◆ **PROBLEM TO WORK ON**
Below are entries with pictures in them. Output exactly the lines starting at the line with "Site 44-AU-154 lies" and ending at the line with "Middels verdeelhal toegang", both included, but not the pictures.
--- EXTRACTED RECORDS ---
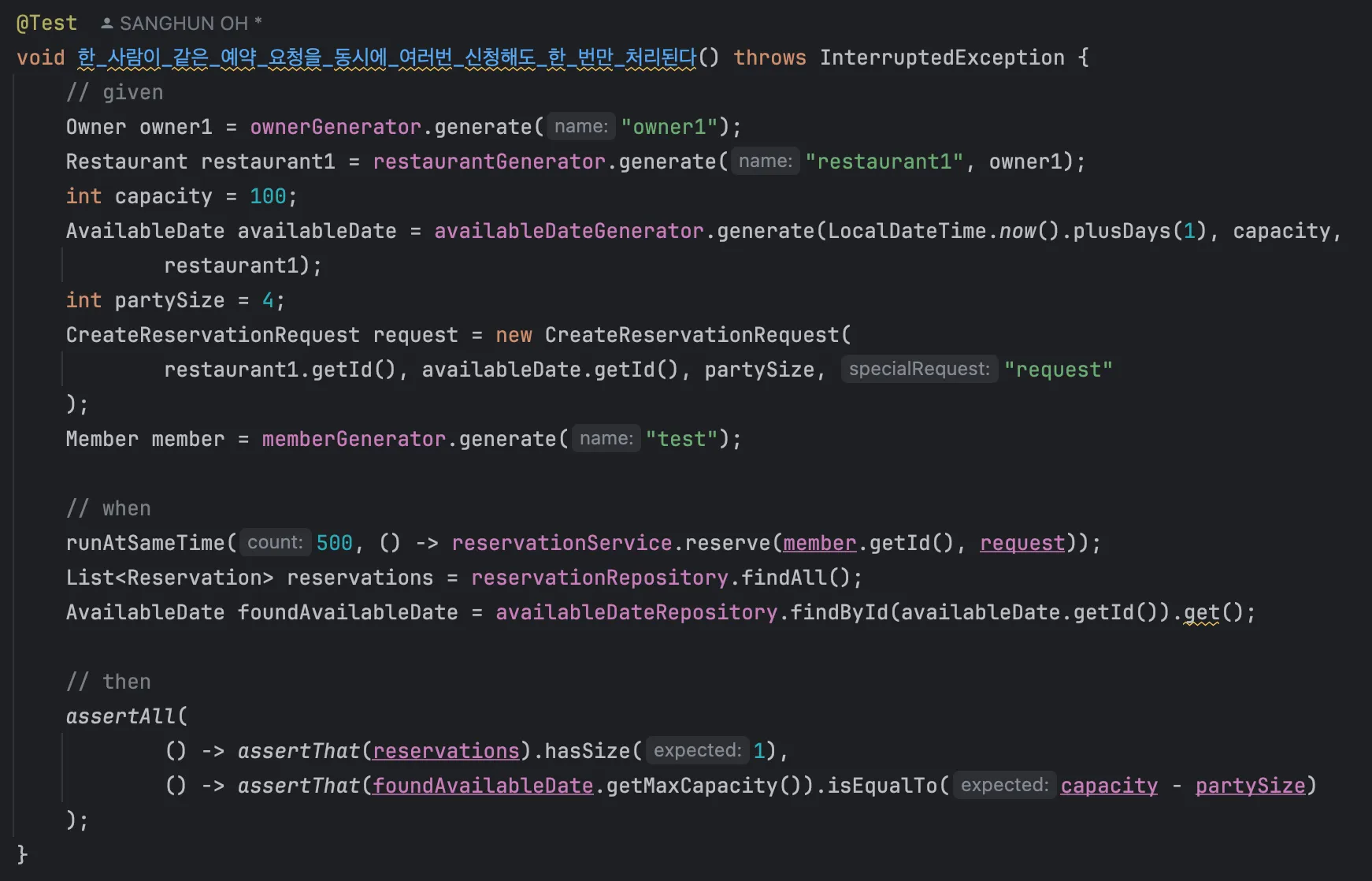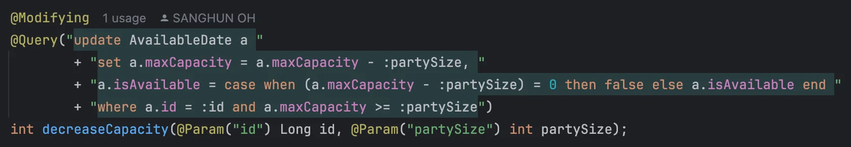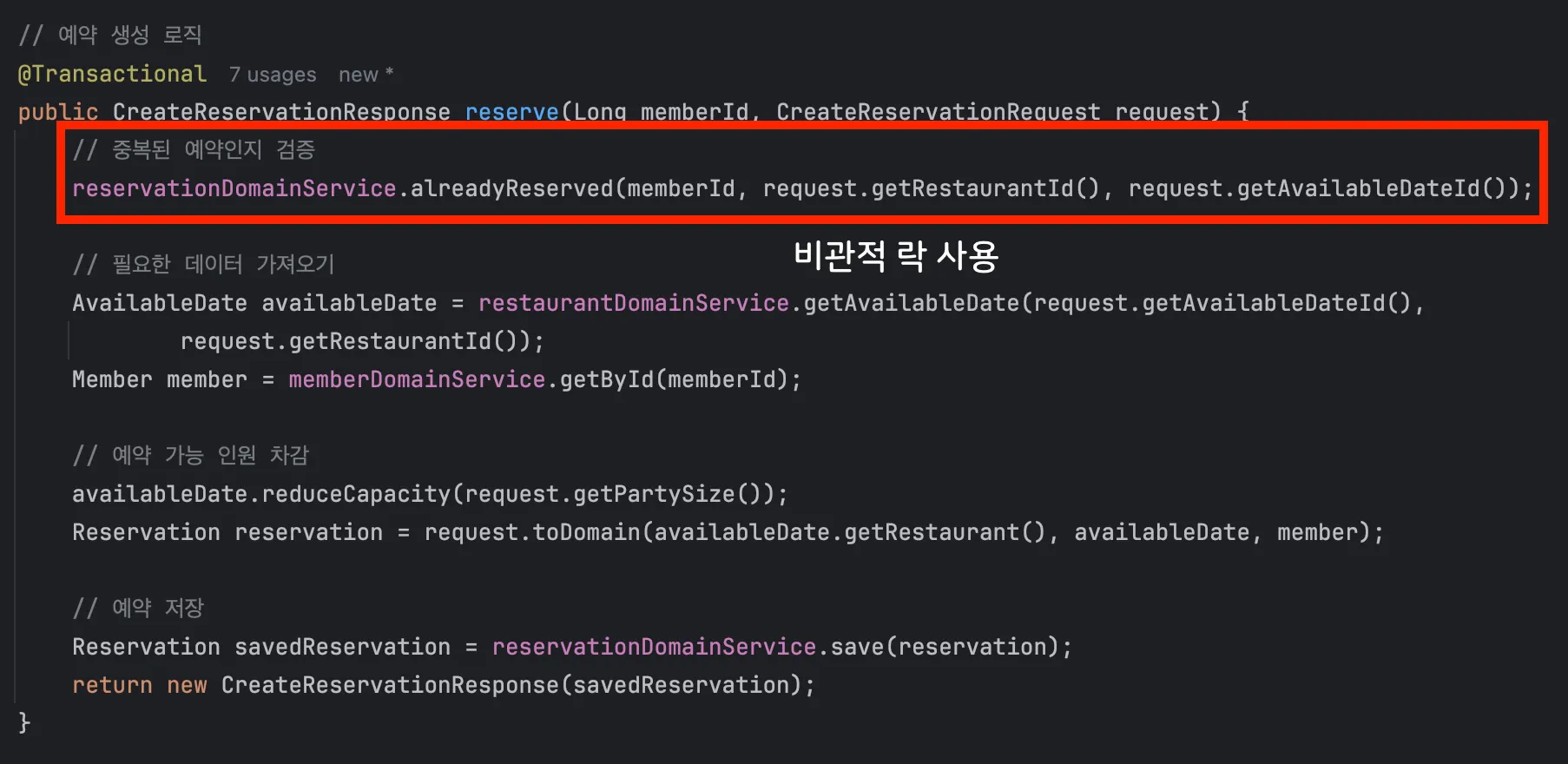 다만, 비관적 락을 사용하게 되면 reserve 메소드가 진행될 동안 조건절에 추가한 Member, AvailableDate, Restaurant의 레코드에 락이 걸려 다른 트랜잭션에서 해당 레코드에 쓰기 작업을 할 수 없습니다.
---
--- EXTRACTED RECORDS ---
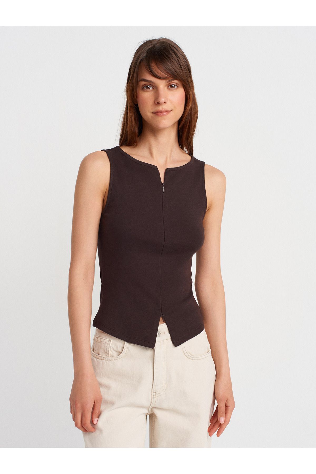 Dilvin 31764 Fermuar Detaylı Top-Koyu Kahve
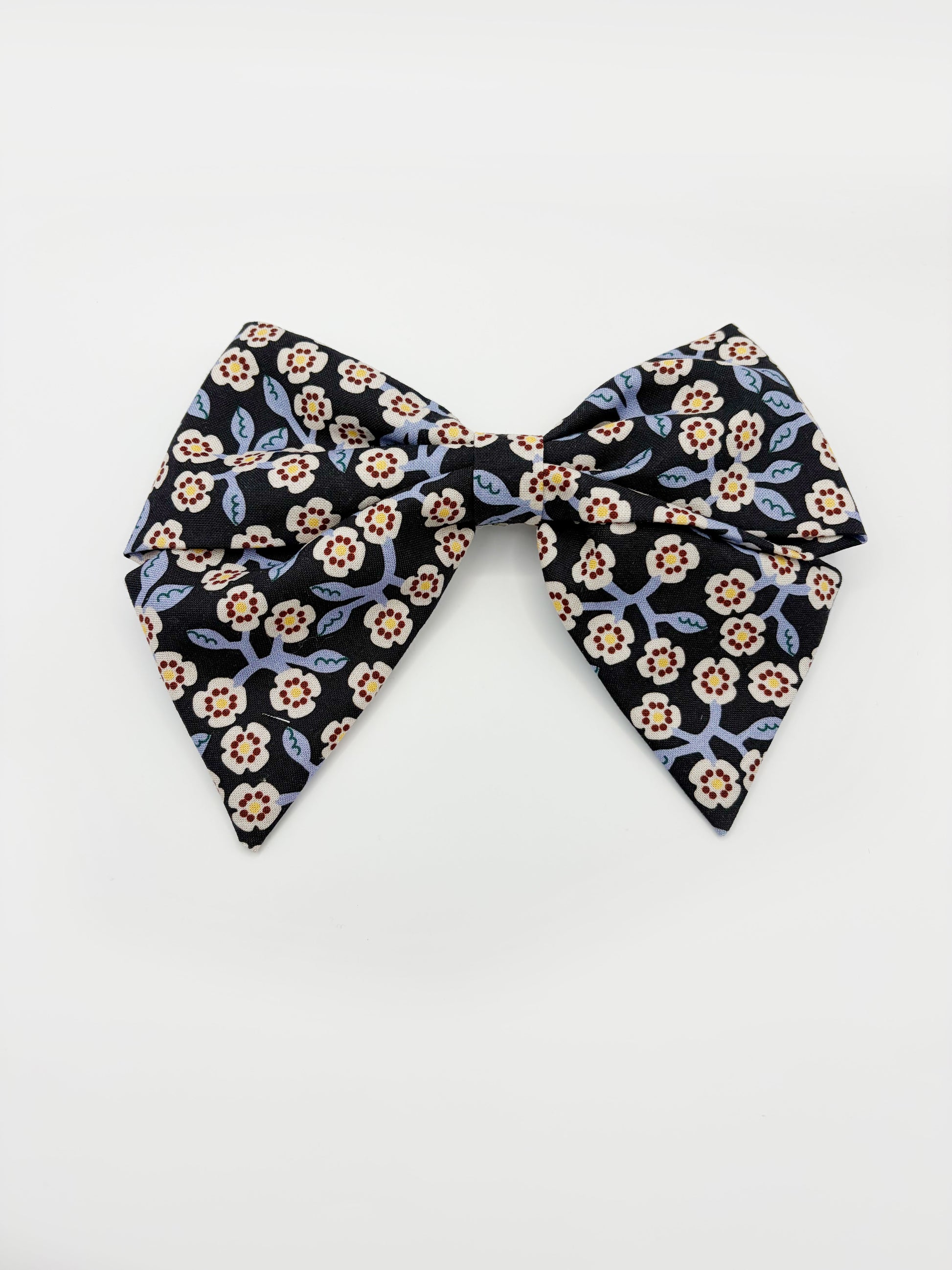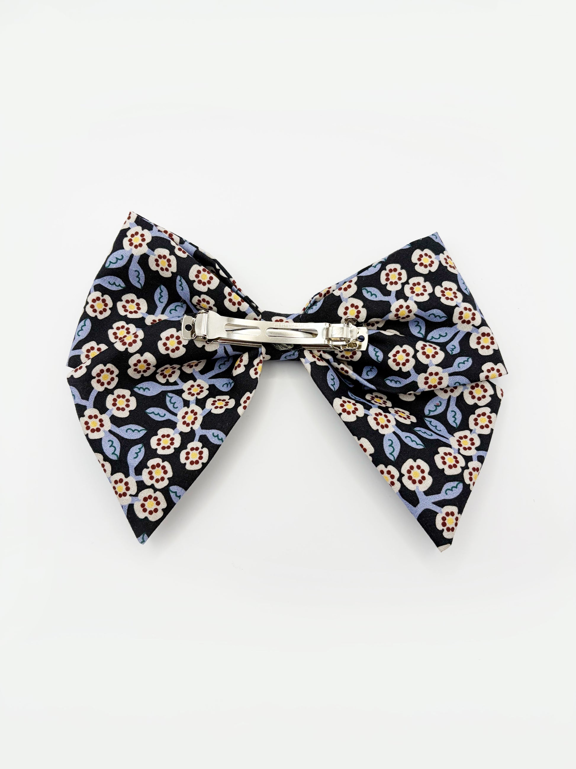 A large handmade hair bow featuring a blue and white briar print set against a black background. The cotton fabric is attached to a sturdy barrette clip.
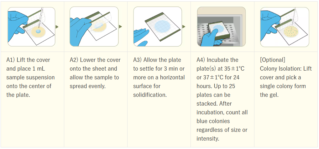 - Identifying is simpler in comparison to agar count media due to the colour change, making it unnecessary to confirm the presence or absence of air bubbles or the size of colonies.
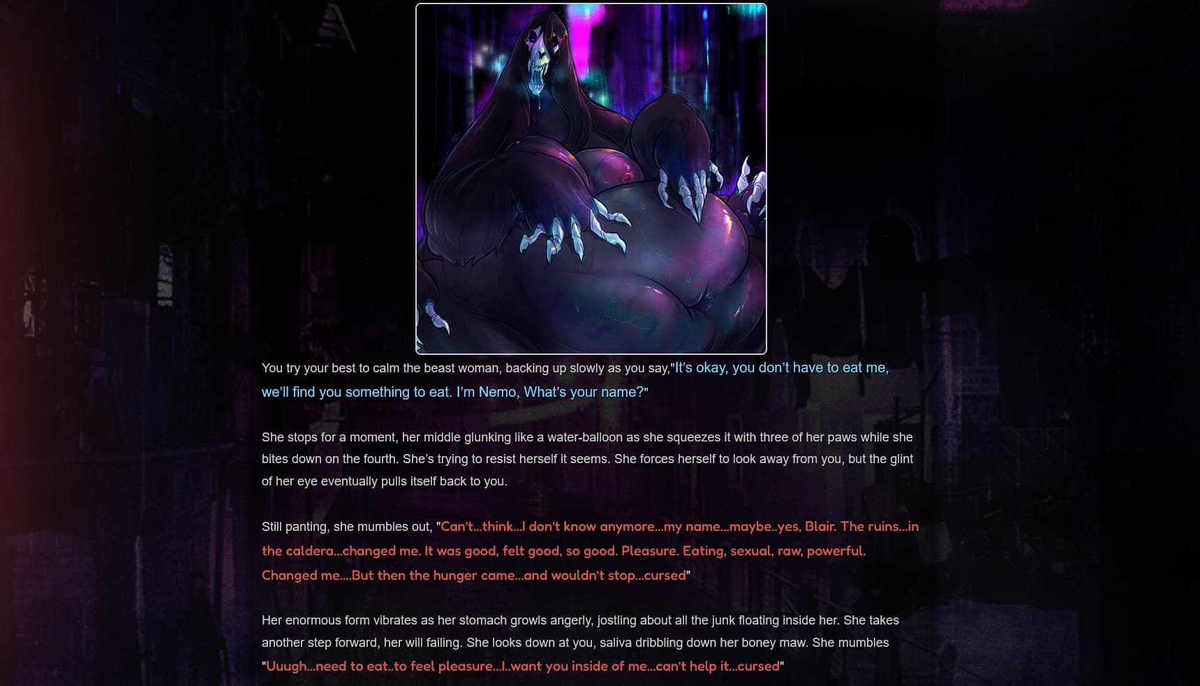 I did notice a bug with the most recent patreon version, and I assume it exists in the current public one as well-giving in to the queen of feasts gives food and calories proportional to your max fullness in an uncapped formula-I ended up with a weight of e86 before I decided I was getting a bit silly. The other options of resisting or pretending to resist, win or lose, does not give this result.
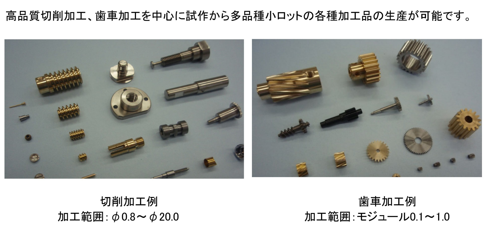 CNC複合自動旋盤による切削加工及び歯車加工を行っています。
---
--- EXTRACTED RECORDS ---
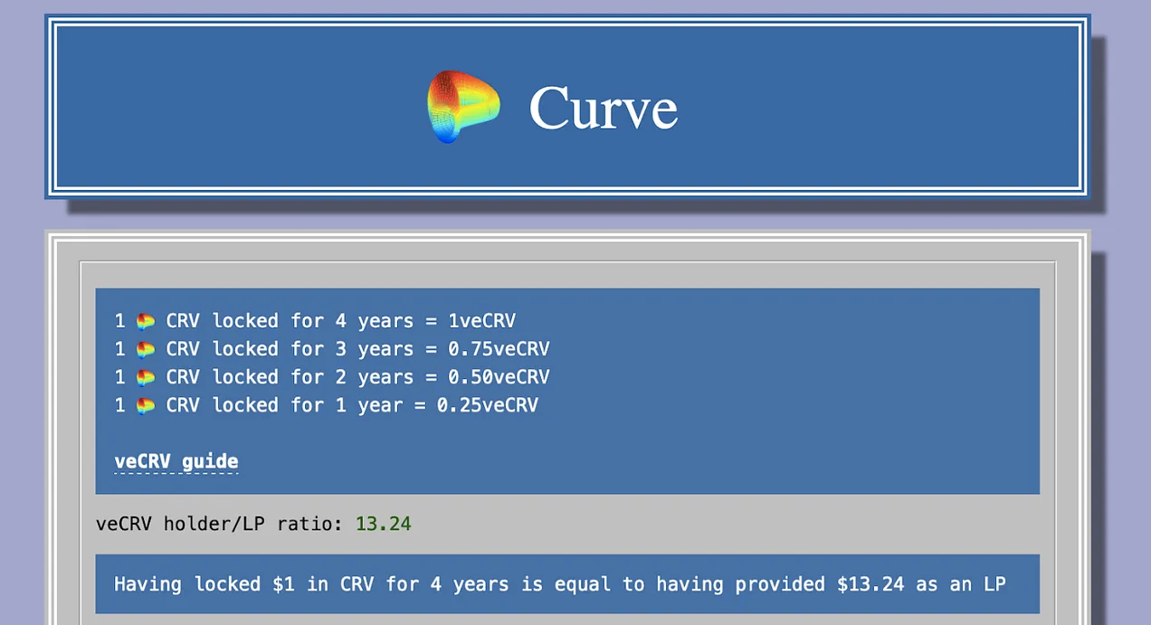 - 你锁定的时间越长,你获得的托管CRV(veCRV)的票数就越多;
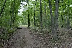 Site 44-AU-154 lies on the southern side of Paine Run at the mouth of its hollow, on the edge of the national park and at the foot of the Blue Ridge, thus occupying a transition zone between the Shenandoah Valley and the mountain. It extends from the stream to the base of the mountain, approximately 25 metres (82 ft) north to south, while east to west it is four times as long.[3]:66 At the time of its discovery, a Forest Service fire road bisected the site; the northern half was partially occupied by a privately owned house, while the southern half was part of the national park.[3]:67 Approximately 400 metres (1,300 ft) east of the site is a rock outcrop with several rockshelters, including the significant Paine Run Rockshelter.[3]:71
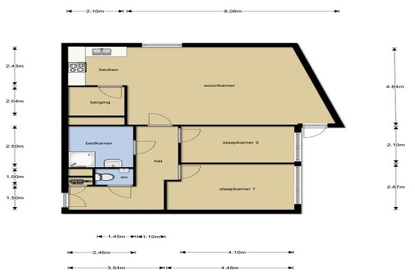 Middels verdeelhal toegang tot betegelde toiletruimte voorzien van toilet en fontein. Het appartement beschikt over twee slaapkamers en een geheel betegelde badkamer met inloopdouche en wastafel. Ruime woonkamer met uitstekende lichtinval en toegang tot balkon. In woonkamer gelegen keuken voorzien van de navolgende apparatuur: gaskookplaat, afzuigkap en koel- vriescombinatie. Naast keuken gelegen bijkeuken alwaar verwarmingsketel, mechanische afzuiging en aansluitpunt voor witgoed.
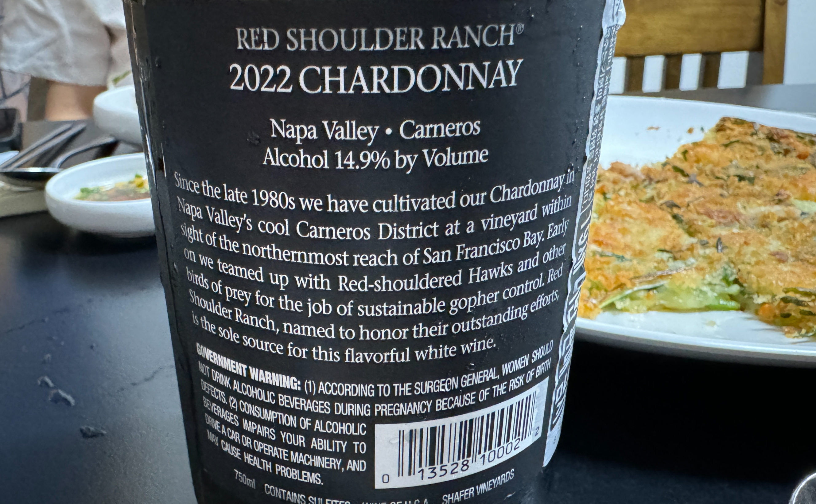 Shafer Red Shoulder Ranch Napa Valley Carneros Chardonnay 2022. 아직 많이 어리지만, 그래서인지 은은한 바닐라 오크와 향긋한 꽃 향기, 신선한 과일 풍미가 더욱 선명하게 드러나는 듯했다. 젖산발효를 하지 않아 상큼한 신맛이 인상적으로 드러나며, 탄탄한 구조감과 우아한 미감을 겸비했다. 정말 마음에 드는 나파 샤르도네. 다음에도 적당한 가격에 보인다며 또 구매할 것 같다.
---
◆ **TASK RESPONSE**
 Site 44-AU-154 lies on the southern side of Paine Run at the mouth of its hollow, on the edge of the national park and at the foot of the Blue Ridge, thus occupying a transition zone between the Shenandoah Valley and the mountain. It extends from the stream to the base of the mountain, approximately 25 metres (82 ft) north to south, while east to west it is four times as long.[3]:66 At the time of its discovery, a Forest Service fire road bisected the site; the northern half was partially occupied by a privately owned house, while the southern half was part of the national park.[3]:67 Approximately 400 metres (1,300 ft) east of the site is a rock outcrop with several rockshelters, including the significant Paine Run Rockshelter.[3]:71
 Middels verdeelhal toegang tot betegelde toiletruimte voorzien van toilet en fontein. Het appartement beschikt over twee slaapkamers en een geheel betegelde badkamer met inloopdouche en wastafel. Ruime woonkamer met uitstekende lichtinval en toegang tot balkon. In woonkamer gelegen keuken voorzien van de navolgende apparatuur: gaskookplaat, afzuigkap en koel- vriescombinatie. Naast keuken gelegen bijkeuken alwaar verwarmingsketel, mechanische afzuiging en aansluitpunt voor witgoed.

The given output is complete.